Question

6.128 Are Florida Lakes Acidic or Alkaline? The \(\mathrm{pH}\) of a liquid is a measure of its acidity or alkalinity. Pure water has a pH of \(7,\) which is neutral. Solutions with a pH less than 7 are acidic while solutions with a \(\mathrm{pH}\) greater than 7 are basic or alkaline. The dataset ForidaLakes givesinformation, including pH values, for a sample of lakes in Florida. Computer output of descriptive statistics for the \(\mathrm{pH}\) variable is shown:(a) How many lakes are included in the dataset? What is the mean pH value? What is the standard deviation? (b) Use the descriptive statistics above to conduct a hypothesis test to determine whether there is evidence that average pH in Florida lakes is different from the neutral value of 7 . Show all details of the test and use a \(5 \%\) significance level.
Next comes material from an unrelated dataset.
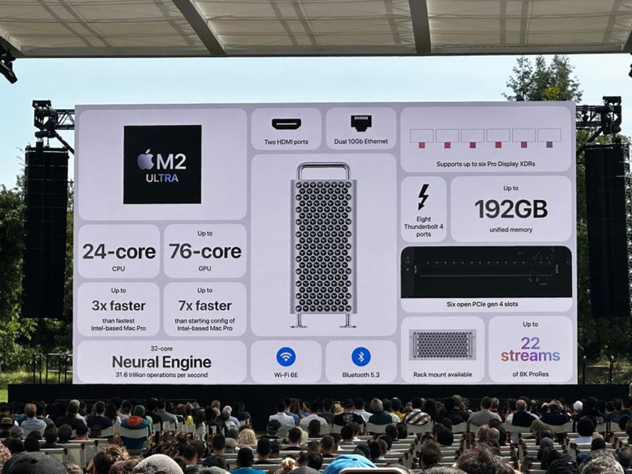 மேக் ஸ்டுடியோ சக்திவாய்ந்த இன்டெல் பிராசஸர் அடிப்படையிலான 27 இன்ச் ஐ மேக் 1 (iMac 1) லேப்டாப்பை விட 6 மடங்கு வேகமானது. மேக் ப்ரோ, இப்போது M2 அல்ட்ரா பிராசஸரைக் கொண்டுள்ளது. இது இன்டெல் பிராசஸரைக் கொண்ட பழைய மாடல் மேக் ப்ரோவை விட 3 மடங்கு வேகமானது. 192 ஜிபி வரை மெமரியுடன் கூடிய மேக் ப்ரோ M2 அல்ட்ரா மற்றும் மேக் ஸ்டுடியோ ஆகியவை மேம்பட்ட கிராபிக்ஸ் கார்டுகளைக் கொண்டுள்ளன.

If there is evidence that it is not neutral, does the mean appear to be more acidic or more alkaline? (c) Compare the test statistic and p-value you found in part (b) to the computer output below for the same data: One-Sample T: pH Test of \(m u=7\) vs not \(=7\) Variable \(\begin{array}{rrrr}\mathrm{N} & \text { Mean } & \text { StDev } & \text { SE Mean } \\ 53 & 6.591 & 1.288 & 0.177\end{array}\) \(\mathrm{pH}\) \(\begin{array}{crr}95 \% \mathrm{Cl} & \mathrm{T} & \mathrm{P} \\\ {[6.235,6.946)} & -2.31 & 0.025\end{array}\) 16

Short answer

From the computation, the calculated t-value suggests the mean pH is significantly different from 7. The conclusion based on the P-value and the t-value is that there is enough evidence to reject the null hypothesis at a 5% level of significance, suggesting the average pH in Florida lakes is different from the neutral value of 7. The mean pH value less than 7 indicates that the lakes are more acidic than neutral.

Step-by-step solution

Understand the given data

The given dataset represents the pH levels of some florida lakes. We know from the data that there are 53 lakes (N=53), the mean pH level is 6.591 or roughly 6.59, and the standard deviation is 1.288 or approximately 1.29.

Conduct a hypothesis test

We need to set up the null and alternative hypothesis for the test. The null hypothesis assumes the mean pH of Florida lakes, \( \mu \), is 7 (neutral). So, \( H_0 : \mu = 7 \). The alternative hypothesis assumes the mean pH is different from 7. So, \( H_a : \mu \neq 7 \). This is a two-tailed test. Since we know the mean and the standard deviation, we can calculate the test statistic (t-score) using the formula, \( t = (\bar{x} - \mu) / (\sigma / \sqrt N) \), where \( \bar{x} \) is the sample mean, \( \mu \) is the claimed population mean in the null hypothesis, \( \sigma \) is the standard deviation and N is the number of values in the sample. Inserting the given values into the formula, we can calculate \( t \). Next, we compare the calculated t-value with the table value to decide whether to reject or not to reject the null hypothesis.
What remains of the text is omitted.